Чтение между строкКультура

Детство в лучах фюрера

Рассказываем о двух книгах, описывающих молодежную пропаганду при нацистах: «Школа варваров» Эрики Манн и «Итог. Мой путь в гитлерюгенд» Мелиты Машманн

Детство в лучах фюрера

Дети с Адольфом Гитлером, 1936 год. Фото: The Print Collector / Alamy / Vida Press

Тоталитарные режимы особенно внимательны к детям и к их «правильному» воспитанию. В нацистской Германии подготовка подрастающего поколения для нужд фюрера рассматривалась как одна из ключевых политических задач. «За кем молодежь, за тем и будущее», — заявлял Гитлер. В начале учебного года Сорин Брут попытался осмыслить горький опыт взросления в Третьем рейхе и прочитал две очень непохожие книги о молодежной политике нацистов.

В 1933–1945 годы Эрика Манн и Мелита Машманн находились по разные стороны баррикад.
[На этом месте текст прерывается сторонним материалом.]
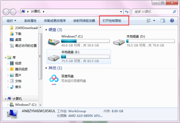 一、按下WIN+E键打开计算机,然后点击“打开控制面板”。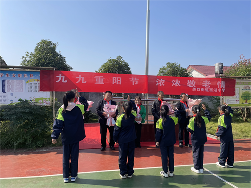 其次,學(xué)校開展了重陽節(jié)經(jīng)典傳承活動,學(xué)生們給退休教師獻(xiàn)禮送花,在活動實(shí)踐中培養(yǎng)他們“尊老、愛老、敬老”的優(yōu)良品德。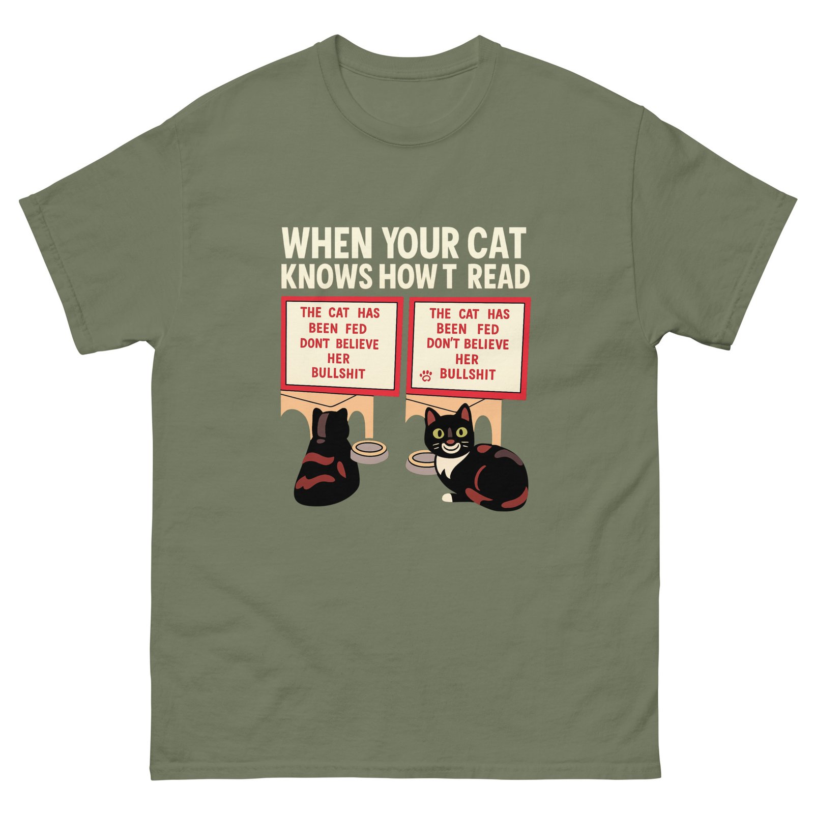 Cat Can Read Kitchen Sign – The Cat Has Been Fed, Don’t Believe Her Funny Pet Feeding Meme Tee – Unisex classic tee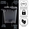 A tampa com sistema de vedação hermética evita qualquer contato da ração com o ambiente externo, preservando aroma, sabor e crocância. Ideal para quem compra ração em grande quantidade e quer evitar desperdícios.

Журналистка, дочь знаменитого писателя и противника гитлеровского режима Томаса Манна, Эрика оказалась в эмиграции вскоре после прихода НСДАП к власти. «Школа варваров. Воспитание при нацистах» — напитанный пафосом противостояния критический анализ того, как фюрер пытался завоевать детские умы. Книга была издана в США в 1938 году и сразу привлекла внимание, а со временем стала одним из знаковых антинацистских текстов в одном ряду с трудами Себастиана Хафнера и Ханны Арендт.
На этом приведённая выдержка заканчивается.